Choral Society in full flow (Review by Alan Cooper P & J)
The first ever concert given by Inverurie Choral Society drew a big crowd to Inverurie Academy hall on Saturday night.  Through his work with the Stonehaven Chorus their conductor, John Hearne, has established a reputation for unusual and adventurous programming especially at Christmas.  Saturday's debut performance was no exception.  New World Nowells took six carols by the South American composer Ariel Ramirez and interspersed them with carols from England, Scotland and Canada to tell the entire Christmas Story.  Guitarist David Bracegirdle contributed a couple of intimate guitar solos, and soprano Gillian Taylor, delighted with two striking solo spots.  The enthusiasm and fervour of the choral singing put across all the rhythmic excitement and co lour of the South American carols, and although the choir does need a few more men, they impressed me with the Scottish carol, Balulalow, and its striking unusual melody, and within their performance of the Red Indian Huron Carol from Canada.

Impressive start by Inverurie choir (Review by Alan Cooper P & J)
The recently-established Inverurie Choral Society gave their first annual concert in the Inverurie Academy hall on Saturday night.  It was an impressive start, although the choir really do need a few more tenors and basses for a satisfactory balance, and consequently there were one or two threadbare patches in the choral texture.  Conductor John Hearne pulled off something of a coup by getting Aberdeen Sinfonietta as the support orchestra.  Their performance of Honegger's Pastorale d'Ete was ravishing.  Baritone Gordon Jack proved his worth as guest soloist with a delightful selection of English songs on which he was accompanied by Christine Bremner.  Choir, orchestra and soloist opened the concert with Holst's Psalm 86, but the most captivating performances were the two larger items, the first of which was by John Hearne himself.  Summer Nights in the Fjords is a setting for chorus, soloist and orchestra of four Icelandic folk songs.  The orchestral writing was full of magical touches and the entire work painted a vision of the land of sparkling waters and midnight sun to perfection.  Elgar's Scenes from the Bavarian Highlands also featured John Hearne's skills as an orchestral colourist in his new arrangement for wind quintet and strings.  That work had the best moments of choral singing, too, as the choir really grabbed hold of Elgar's joyful melodies.

Choir strikes gold in chapel (Review by Alan Cooper P & J)
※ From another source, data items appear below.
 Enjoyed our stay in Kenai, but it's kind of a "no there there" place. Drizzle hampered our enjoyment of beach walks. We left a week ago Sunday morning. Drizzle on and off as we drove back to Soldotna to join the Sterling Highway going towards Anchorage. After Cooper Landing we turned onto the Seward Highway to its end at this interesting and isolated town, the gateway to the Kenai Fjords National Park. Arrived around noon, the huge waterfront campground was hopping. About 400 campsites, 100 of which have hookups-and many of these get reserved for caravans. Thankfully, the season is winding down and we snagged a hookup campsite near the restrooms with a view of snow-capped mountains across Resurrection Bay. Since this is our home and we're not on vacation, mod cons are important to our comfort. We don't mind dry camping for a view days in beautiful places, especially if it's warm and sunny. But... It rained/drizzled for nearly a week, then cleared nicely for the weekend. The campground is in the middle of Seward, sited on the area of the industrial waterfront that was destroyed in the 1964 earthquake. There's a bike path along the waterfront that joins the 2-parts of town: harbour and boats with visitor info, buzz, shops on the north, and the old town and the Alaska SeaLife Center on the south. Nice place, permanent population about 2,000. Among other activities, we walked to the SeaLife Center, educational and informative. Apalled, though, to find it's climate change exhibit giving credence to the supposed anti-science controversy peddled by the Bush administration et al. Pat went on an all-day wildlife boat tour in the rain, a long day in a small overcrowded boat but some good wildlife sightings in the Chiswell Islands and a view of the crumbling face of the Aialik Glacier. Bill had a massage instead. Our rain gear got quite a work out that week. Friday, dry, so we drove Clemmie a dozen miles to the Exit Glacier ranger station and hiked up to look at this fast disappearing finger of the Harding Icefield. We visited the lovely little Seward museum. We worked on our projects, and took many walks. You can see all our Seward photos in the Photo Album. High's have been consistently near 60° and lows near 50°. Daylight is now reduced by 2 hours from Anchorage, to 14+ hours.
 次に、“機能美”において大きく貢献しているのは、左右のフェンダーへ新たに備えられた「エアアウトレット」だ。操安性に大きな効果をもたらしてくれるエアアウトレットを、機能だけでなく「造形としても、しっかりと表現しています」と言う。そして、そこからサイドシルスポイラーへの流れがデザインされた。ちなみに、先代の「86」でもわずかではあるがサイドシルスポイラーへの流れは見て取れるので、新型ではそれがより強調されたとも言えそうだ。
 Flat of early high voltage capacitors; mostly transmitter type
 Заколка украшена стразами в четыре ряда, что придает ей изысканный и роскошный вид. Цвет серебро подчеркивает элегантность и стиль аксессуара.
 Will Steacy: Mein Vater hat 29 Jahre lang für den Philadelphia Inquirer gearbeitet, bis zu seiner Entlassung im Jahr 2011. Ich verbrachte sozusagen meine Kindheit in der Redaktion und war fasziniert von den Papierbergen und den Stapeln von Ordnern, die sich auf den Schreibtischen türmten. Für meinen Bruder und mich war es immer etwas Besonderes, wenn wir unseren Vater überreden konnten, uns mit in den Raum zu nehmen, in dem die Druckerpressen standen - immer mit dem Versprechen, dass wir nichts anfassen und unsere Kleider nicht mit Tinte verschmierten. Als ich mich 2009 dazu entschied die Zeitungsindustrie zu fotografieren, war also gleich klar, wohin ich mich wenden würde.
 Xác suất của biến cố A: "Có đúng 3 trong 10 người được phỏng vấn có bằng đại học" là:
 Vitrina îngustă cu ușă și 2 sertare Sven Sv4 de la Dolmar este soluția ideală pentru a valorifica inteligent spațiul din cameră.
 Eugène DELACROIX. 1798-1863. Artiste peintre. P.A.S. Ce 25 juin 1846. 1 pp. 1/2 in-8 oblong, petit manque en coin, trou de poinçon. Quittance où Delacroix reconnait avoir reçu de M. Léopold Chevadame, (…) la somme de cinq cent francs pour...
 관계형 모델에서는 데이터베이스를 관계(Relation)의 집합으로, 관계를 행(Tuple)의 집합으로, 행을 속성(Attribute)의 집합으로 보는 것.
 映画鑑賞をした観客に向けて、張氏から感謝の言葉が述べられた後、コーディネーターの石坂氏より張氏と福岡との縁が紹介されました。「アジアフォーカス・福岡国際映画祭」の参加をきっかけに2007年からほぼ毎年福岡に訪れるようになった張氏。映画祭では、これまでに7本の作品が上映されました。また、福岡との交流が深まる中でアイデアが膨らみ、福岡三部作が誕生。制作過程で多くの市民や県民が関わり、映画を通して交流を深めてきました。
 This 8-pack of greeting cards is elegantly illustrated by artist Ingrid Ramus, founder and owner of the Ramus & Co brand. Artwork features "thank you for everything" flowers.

When they got Baritone Alan Watt as guest soloist for their Spring Concert in the delightfully intimate Chapel of Garioch on Saturday night, Inverurie Choral Society struck gold.  Much of their performance centered on his beautifully smooth singing, with solos like I bought Me a Cat from Three American Songs by Aaron Copland, and Lord God of Abraham from Mendelssohn's Elijah, both in different ways highlights of the performance.  With David Smith at the organ and the Choir providing richly coloured backing, Alan Watt carried the melodies of Vaughan Williams' soaring settings of George Herbert's texts warmly and confidently.  The Choral Society still needs more men, especially tenors, to achieve a completely satisfactory balance but their series of secular songs from Scotland and France were nicely drawn and the two of Grieg's Four Psalms which they performed were first class.  Conductor John Hearne included two of his own compositions, the beautiful anthem At Close of Day and The Seagull in which the sopranos sing an old Skye folk song while the rest of the chorus provide atmospheric sounds of the sea and seabirds.  It was a startling idea that worked remarkably well.